- [MATERIAL PROVIDED]
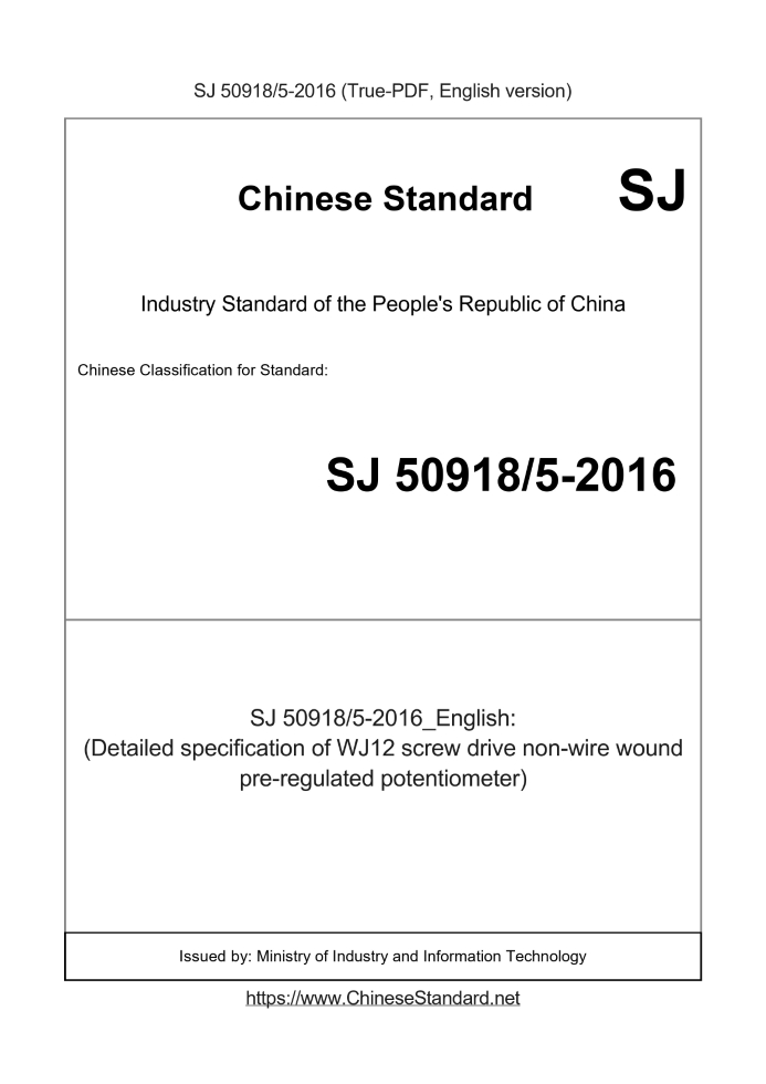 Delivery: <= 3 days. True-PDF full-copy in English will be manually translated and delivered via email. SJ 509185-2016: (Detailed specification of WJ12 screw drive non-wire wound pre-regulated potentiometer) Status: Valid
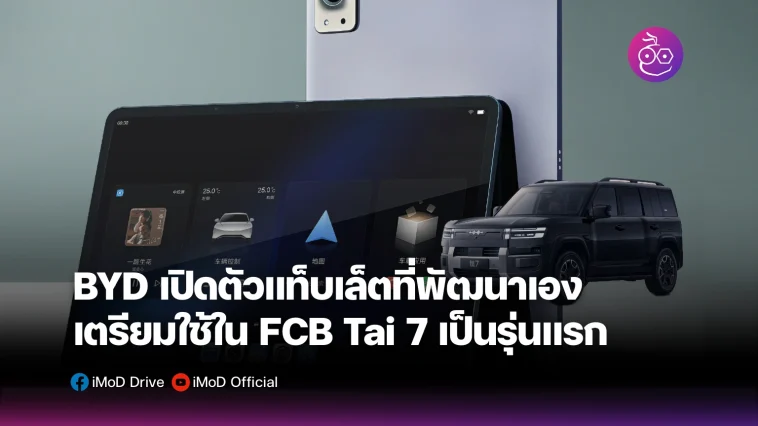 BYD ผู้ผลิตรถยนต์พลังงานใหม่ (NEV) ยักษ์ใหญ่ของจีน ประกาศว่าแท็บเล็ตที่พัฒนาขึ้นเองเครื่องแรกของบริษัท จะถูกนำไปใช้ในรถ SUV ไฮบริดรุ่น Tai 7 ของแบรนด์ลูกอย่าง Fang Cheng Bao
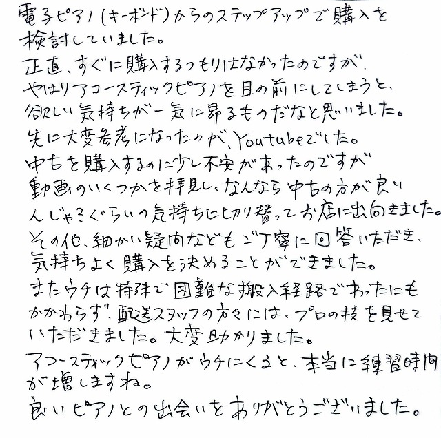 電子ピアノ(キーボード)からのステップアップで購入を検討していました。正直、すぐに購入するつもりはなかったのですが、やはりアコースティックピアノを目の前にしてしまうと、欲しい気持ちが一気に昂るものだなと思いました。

...

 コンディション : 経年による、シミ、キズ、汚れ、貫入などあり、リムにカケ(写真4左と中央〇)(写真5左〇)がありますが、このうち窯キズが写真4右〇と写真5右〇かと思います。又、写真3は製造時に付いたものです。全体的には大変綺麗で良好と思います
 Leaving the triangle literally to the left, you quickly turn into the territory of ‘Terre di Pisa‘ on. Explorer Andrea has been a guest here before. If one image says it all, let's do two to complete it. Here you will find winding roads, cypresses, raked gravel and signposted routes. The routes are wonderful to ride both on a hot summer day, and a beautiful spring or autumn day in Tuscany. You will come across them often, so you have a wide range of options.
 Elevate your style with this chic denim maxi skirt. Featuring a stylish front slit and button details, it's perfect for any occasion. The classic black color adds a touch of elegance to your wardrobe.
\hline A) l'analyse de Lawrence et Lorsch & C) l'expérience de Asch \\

* * *

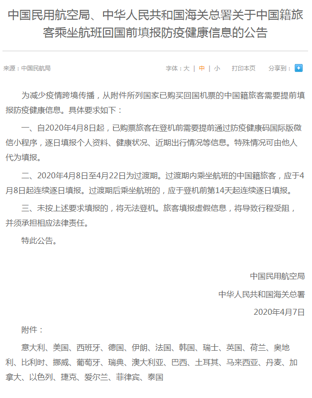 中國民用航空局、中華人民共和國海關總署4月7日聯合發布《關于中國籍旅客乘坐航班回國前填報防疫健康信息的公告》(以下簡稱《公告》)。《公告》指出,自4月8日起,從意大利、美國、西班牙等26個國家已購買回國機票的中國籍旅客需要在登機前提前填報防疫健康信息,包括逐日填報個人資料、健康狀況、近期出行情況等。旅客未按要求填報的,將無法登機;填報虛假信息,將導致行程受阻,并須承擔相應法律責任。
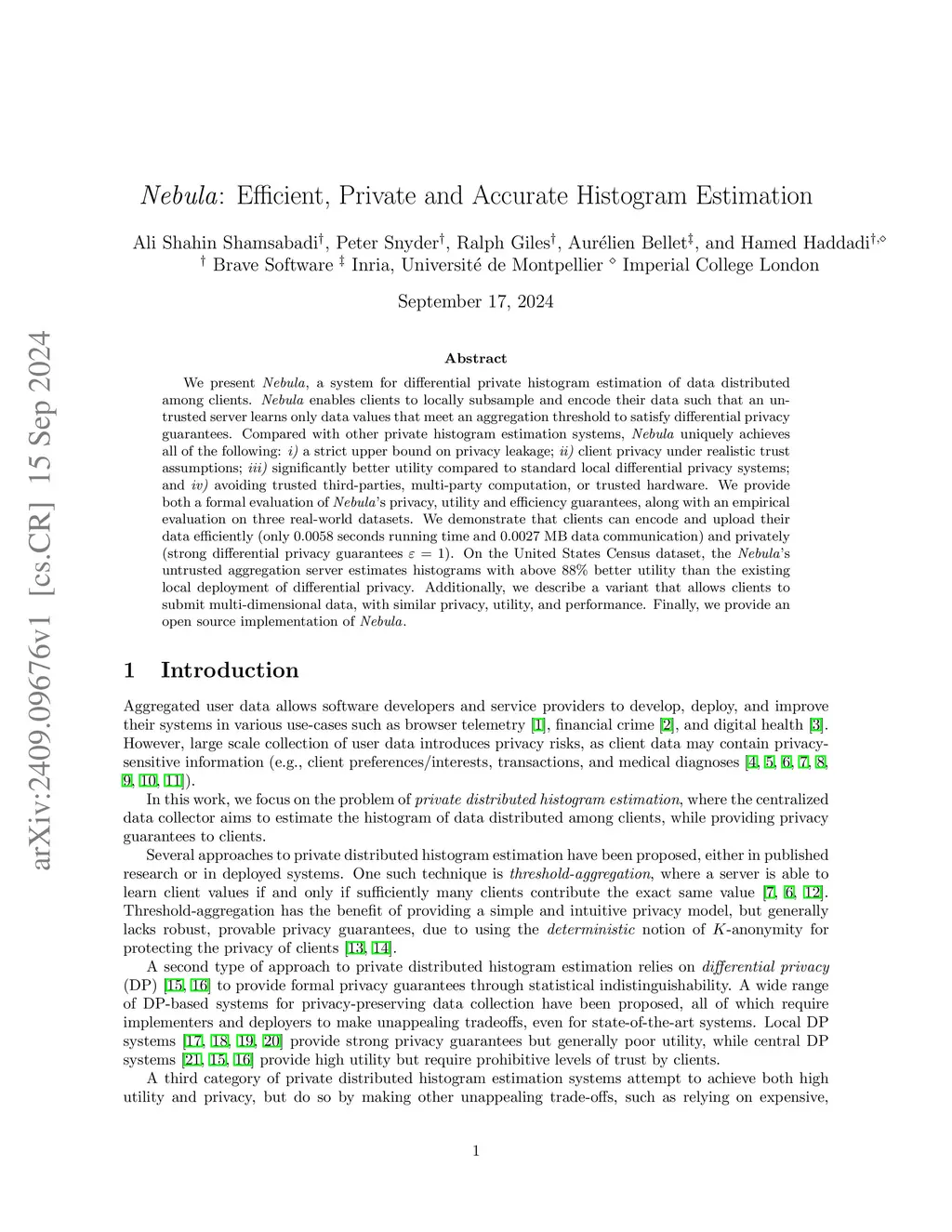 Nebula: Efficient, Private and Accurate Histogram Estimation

- [ASSIGNMENT] Please return the material above only from the line that holds "中國民用航空局、中華人民共和" through the line that holds "Nebula: Efficient, Private", exactly as it stands, ends included and pictures omitted.

- [EXERCISE RESPONSE]
 中國民用航空局、中華人民共和國海關總署4月7日聯合發布《關于中國籍旅客乘坐航班回國前填報防疫健康信息的公告》(以下簡稱《公告》)。《公告》指出,自4月8日起,從意大利、美國、西班牙等26個國家已購買回國機票的中國籍旅客需要在登機前提前填報防疫健康信息,包括逐日填報個人資料、健康狀況、近期出行情況等。旅客未按要求填報的,將無法登機;填報虛假信息,將導致行程受阻,并須承擔相應法律責任。
 Nebula: Efficient, Private and Accurate Histogram Estimation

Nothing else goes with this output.